The latest wage price index from the Australian Bureau of Statistics (ABS) has revealed that over the June quarter, wages grew by 60 basis points and by 2.1 per cent year-on-year.
Over the June quarter, wages grew by 60 basis points in the public sector and by 50 basis points in the private sector, with year-on-year rises of 2.4 per cent and 2.0 per cent, respectively.
ABS chief economist Bruce Hockman noted: “Wage growth in Australia has grown at an annual rate of 2.1 per cent, continuing to stabilise between 2.0 and 2.1 per cent over the past four quarters.
“Annual growth across industries is varied with diverse wage pressure across the labour market.”
In recent monetary policy statements, the Reserve Bank of Australia (RBA) has indicated that an upward trend in wages growth would influence a future determination to increase the cash rate.
However, chief economist at AMP Capital Shane Oliver has noted that there would need to be a “meaningful” pick-up in wages growth before the central bank considers pulling the rate lever.
“While it’s good to see wages growth up from its lows two years ago, we are yet to see a meaningful pick-up,” Mr Oliver said.
“This is a drag for consumer spending and will help keep inflation stuck around the low end of the 2–3 per cent inflation target.
“As result, we [AMP] remain of the view that the RBA won’t start raising interest rates until 2020 at the earliest, and given the housing-related downturn, there is still a significant chance that the next move could turn out to be a rate cut.”
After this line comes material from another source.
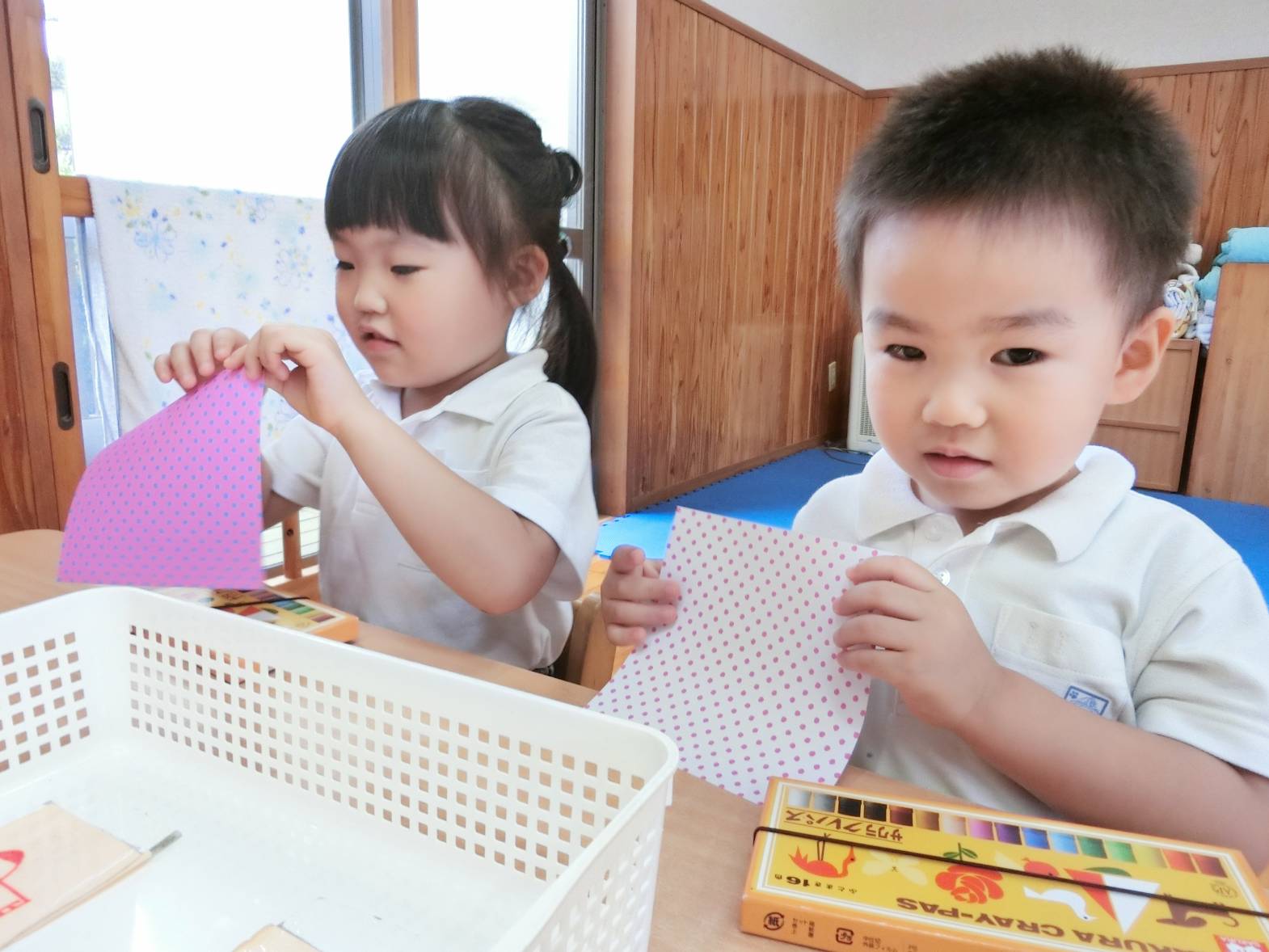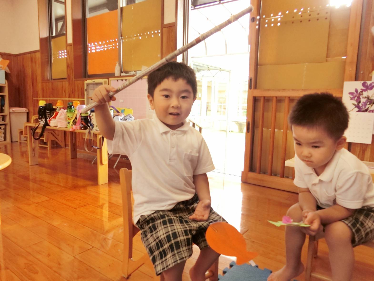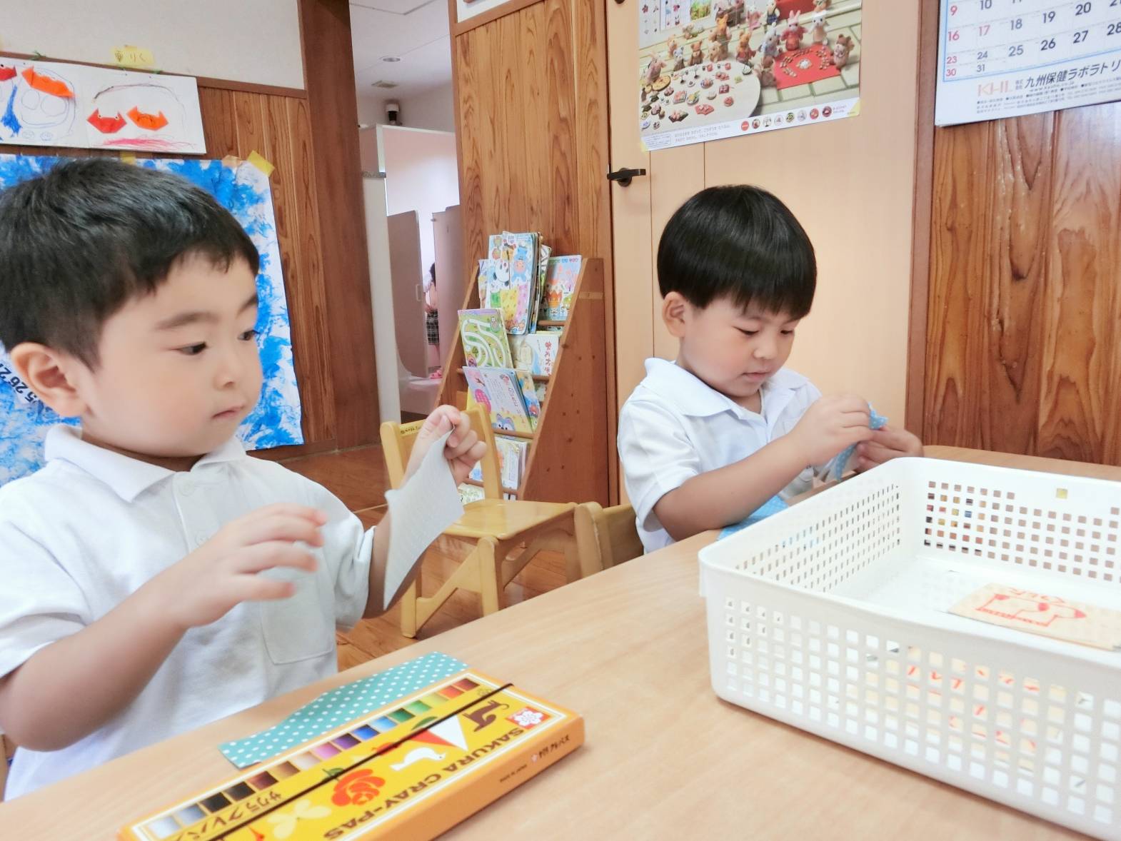 友だちと、「見て僕はこんな魚ができた。」、「今度は、黄色の魚にしたよ。」、「おんなじの作ろう♪」と友だちとの会話も弾みます。

Senior economist at ANZ Felicity Emmett added that wages growth is consistent with the RBA’s forecast, but further “acceleration” is required before the central bank revises its market outlook.
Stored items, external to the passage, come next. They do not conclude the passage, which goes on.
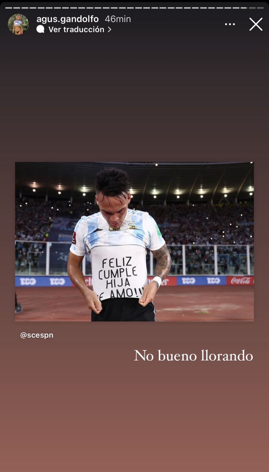 Rápidamente la imagen del goleador se viralizó y llegó a las manos de Agustina Gandolfo, novia del jugador. La joven mendocina eligió las historias de Instagram para mostrar su reacción luego del gol de Lautaro. "No bueno, llorando" posteó Gandolfo junto a la foto del goleador.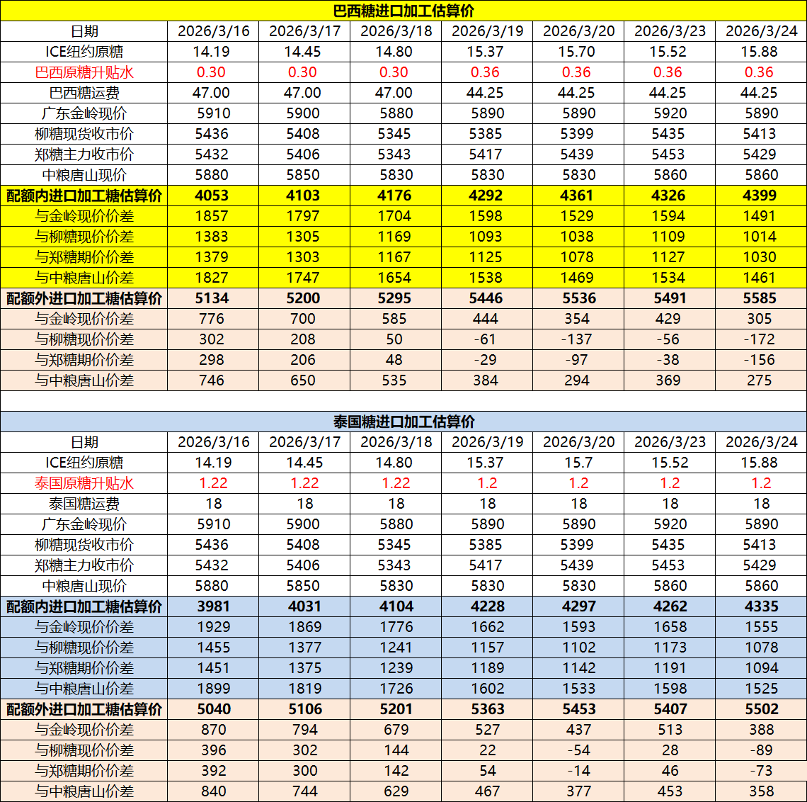 巴西泰国进口糖升贴水、运费及加工成本(3月25日更新)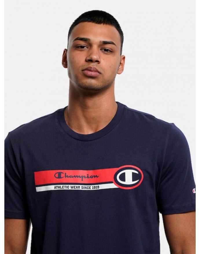 Champion Crewneck T-Shirt Ανδρική Κοντομάνικη Μπλούζα με τύπωμα Μπλε 218561-BS503

“From the RBA’s perspective, the ongoing gradual improvement in wages growth is consistent with its view that the laws of supply and demand are working,” the senior economist said.
“But a more meaningful acceleration in wages growth will be required before inflation looks to be convincingly heading towards the mid-point of the target band.
“This puts the onus on the jobs market, where further inroads into unemployment and underemployment are necessary preconditions for a more convincing acceleration in wages.”